Dona María, Vinho Regional Alentejano 2004: Uno de dos tintos secos portugueses que nos trajera para probar  el genial João Roseira, de Quinta do Infantado. Este es un vino de sol, agradable por su rusticidad musculosa y barbuda, que la lleva rebién. Cuero y romero con una sutil nota fecal, fresa y ciruela fresca. Alguito distante de comino y piedra caliente. Entra sedoso en boca, con muy buena presencia de fruta roja pura, acentuada por hierbas secas y elementos térreos. Mantiene una admirable ligereza todo el camino, lo que lo deja a uno en choc cuando ve que la etiqueta pone “14.5% alcohol por volumen”. Uno de esos excepcionales vinos que se cargan mis prejuicios sobre la imposibilidad de llevar mucho alcohol con gracia.

Ramos Pinto, “Adriano”, Douro 2005: Mea culpa. Soy un prejuiciado terrible. Tenía a Ramos Pinto injustamente marginalizada como casa de oportos por culpa de cierto afiche de principios del siglo veinte  muy difundido por el mundo entero. No es la estética del afiche lo que motiva ese prejuicio  mío, sino que el jodido poster invariablemente aparece en toda venduta de horteraditas para adornar el hogar del “entusiasta del vino”. Ya saben, es el de la parejita vestida de gala, chocando copitas. Pues fíjense ustedes que sencillamente por ese afiche y un par de botellitas cuestionables de oporto LBV abiertas en Puerto Rico hace una pila de años tenía yo relegada al ghetto a esa respetable casa, cuyas prácticas viticulturales y enológicas, según las explicara João, serían de mi más absoluto agrado. Este Adriano es un tintito ligero, sencillo y limpio. Ciruela fresca, tierra y humo.

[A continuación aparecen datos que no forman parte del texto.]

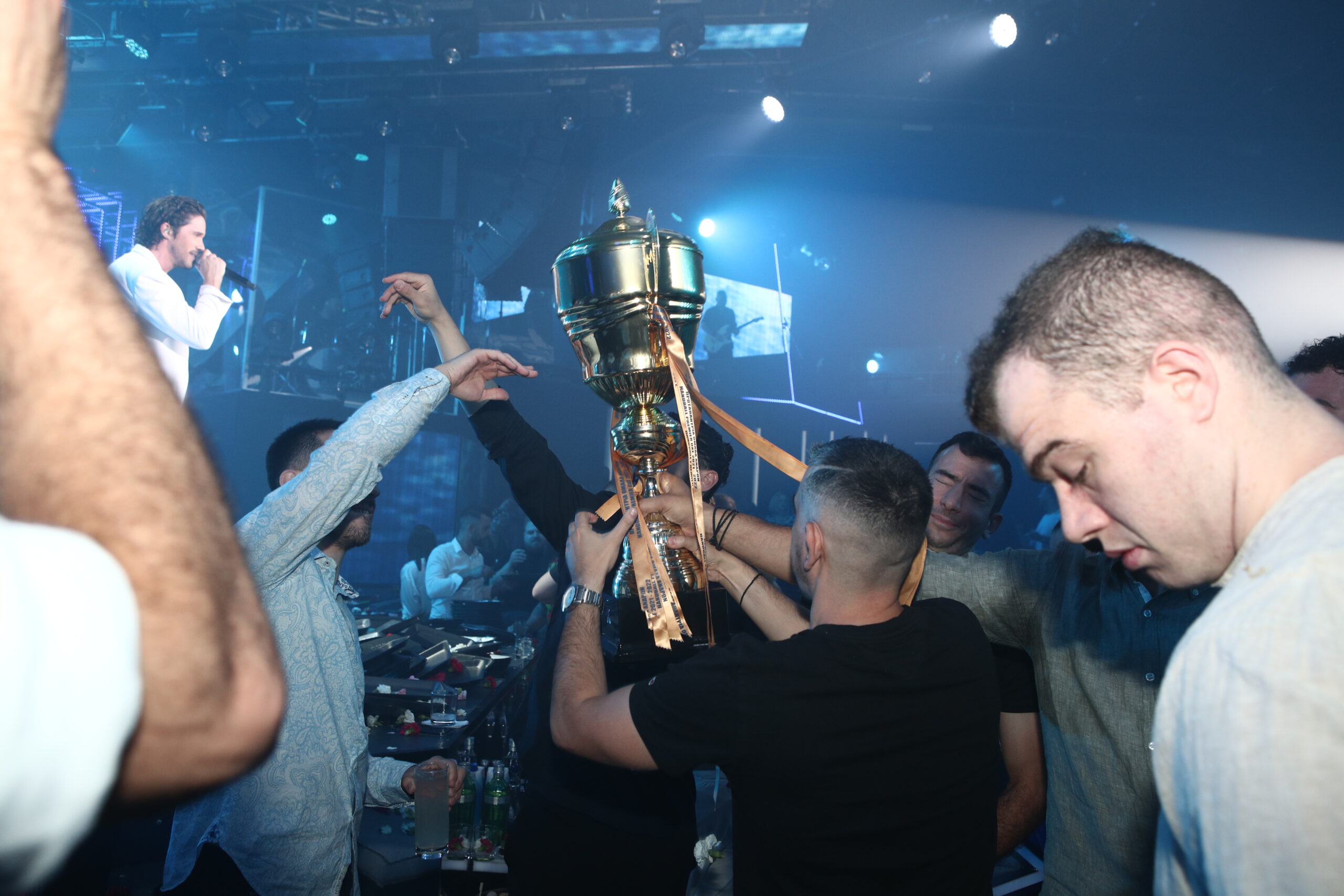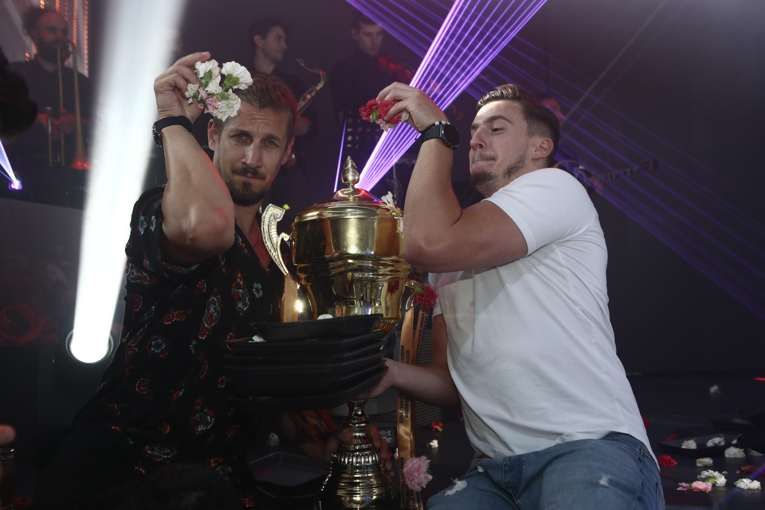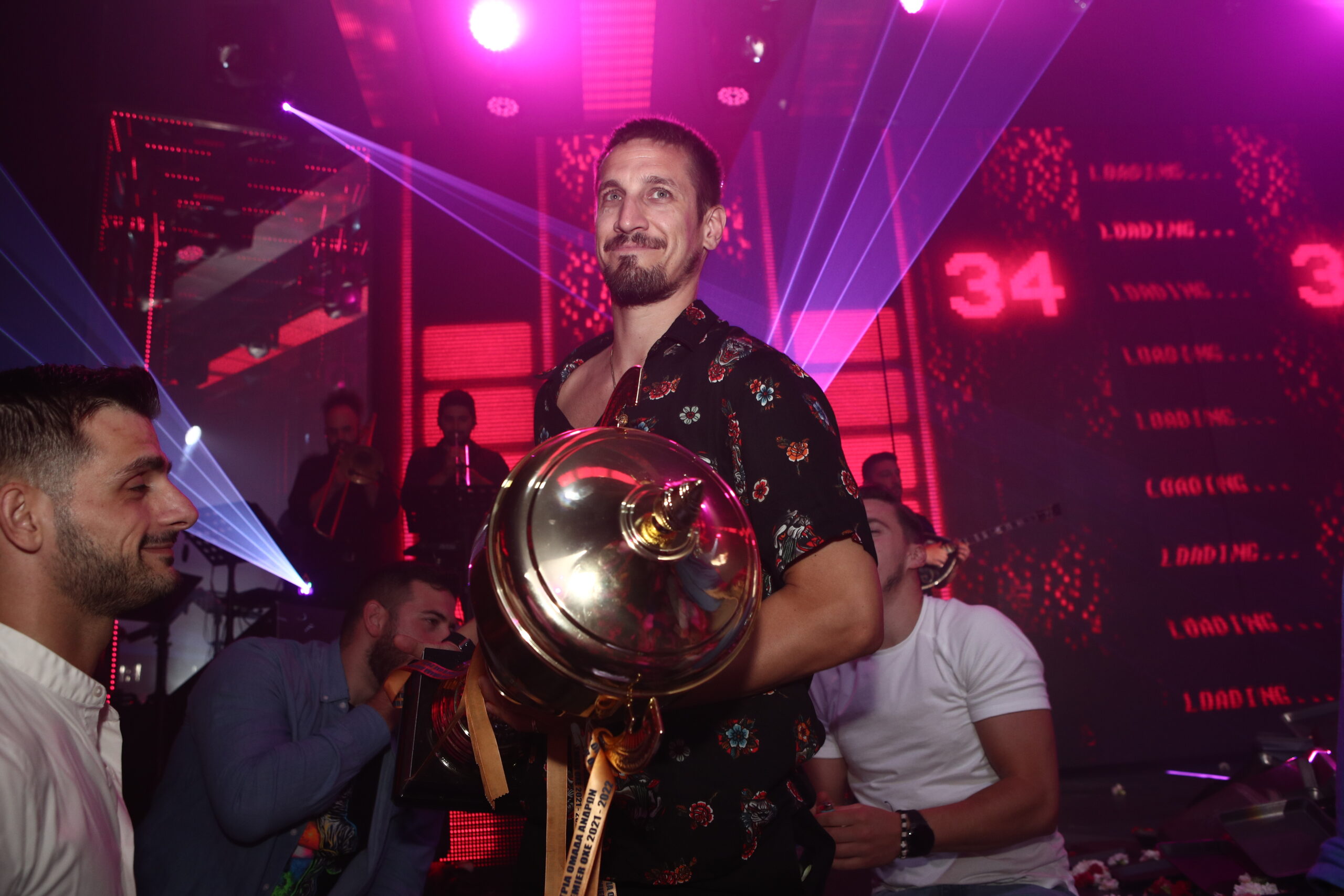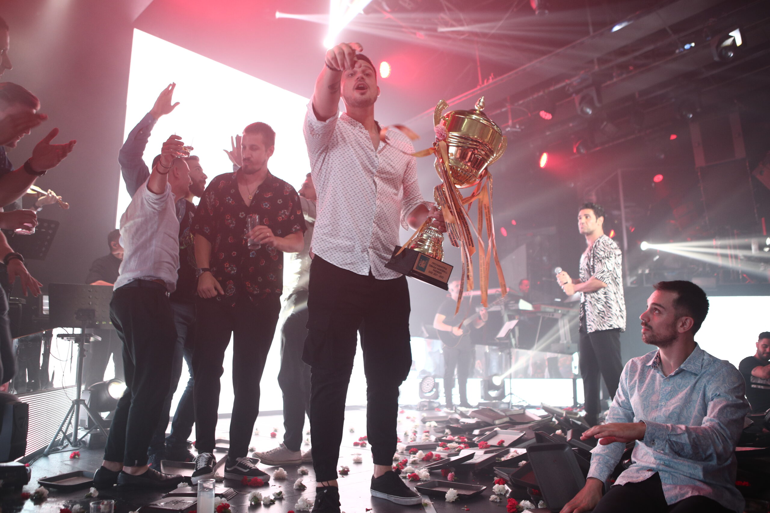 Οι παίκτες της ομάδας Χαντμπολ του Ολυμπιακού, διασκέδασαν με την ψυχή τους με την κούπα του Πρωταθλητή.
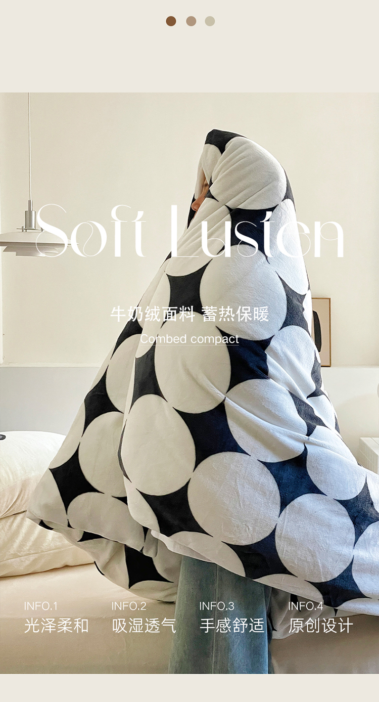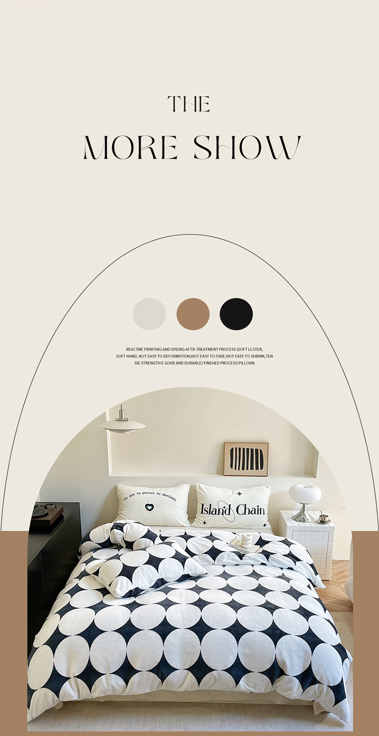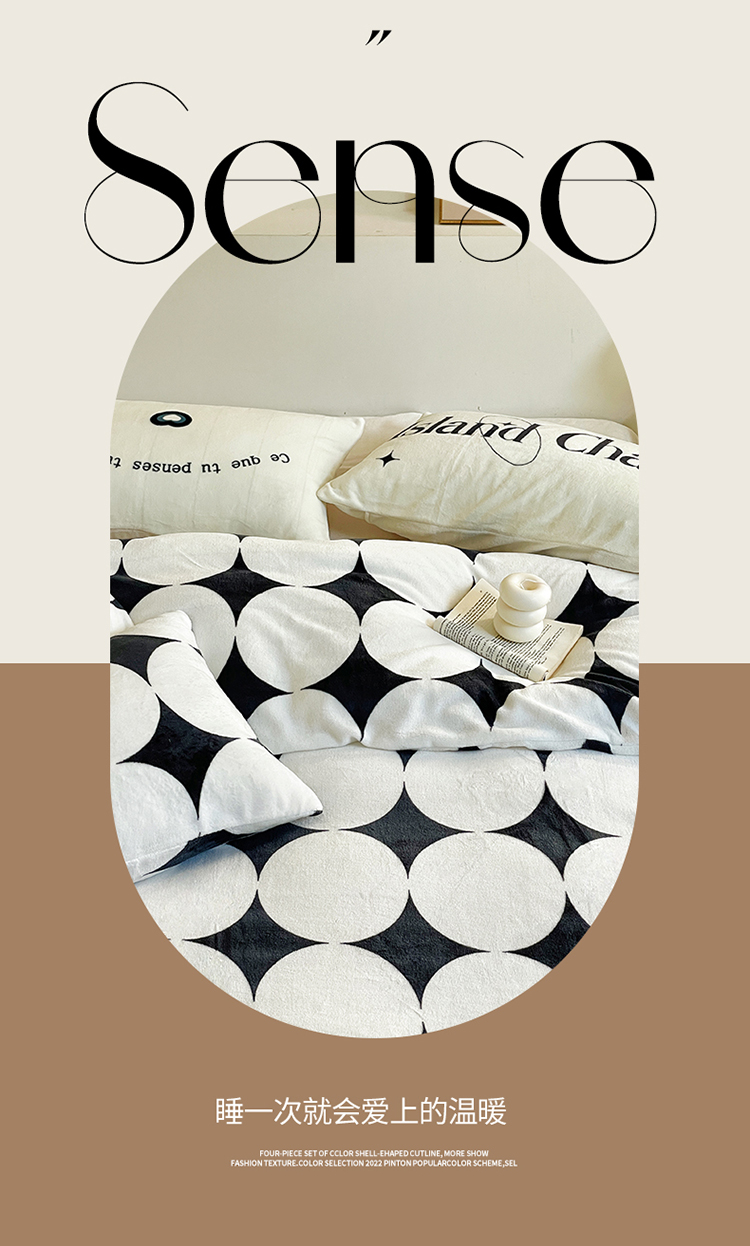商品名称:圆岛家纺 2023新款原创牛奶绒印花保暖四件套 黑白菱星

Fresco y de mediana persistencia, con acidez refrescante.

Prager, Riesling Smaragd,  Weissenkirchen Steinriegl, Wachau 1989: Ya ven, en cuanto a colores ya la cosa iba tendiendo a la anarquía cuando apareció esto. Bella nariz de polen, pino, talco, cítricos, ginseng y piedras. En boca un toronjazo penetrante que deja reverberaciones florales y minerales por todos lados. Muy largo. Muy delicioso.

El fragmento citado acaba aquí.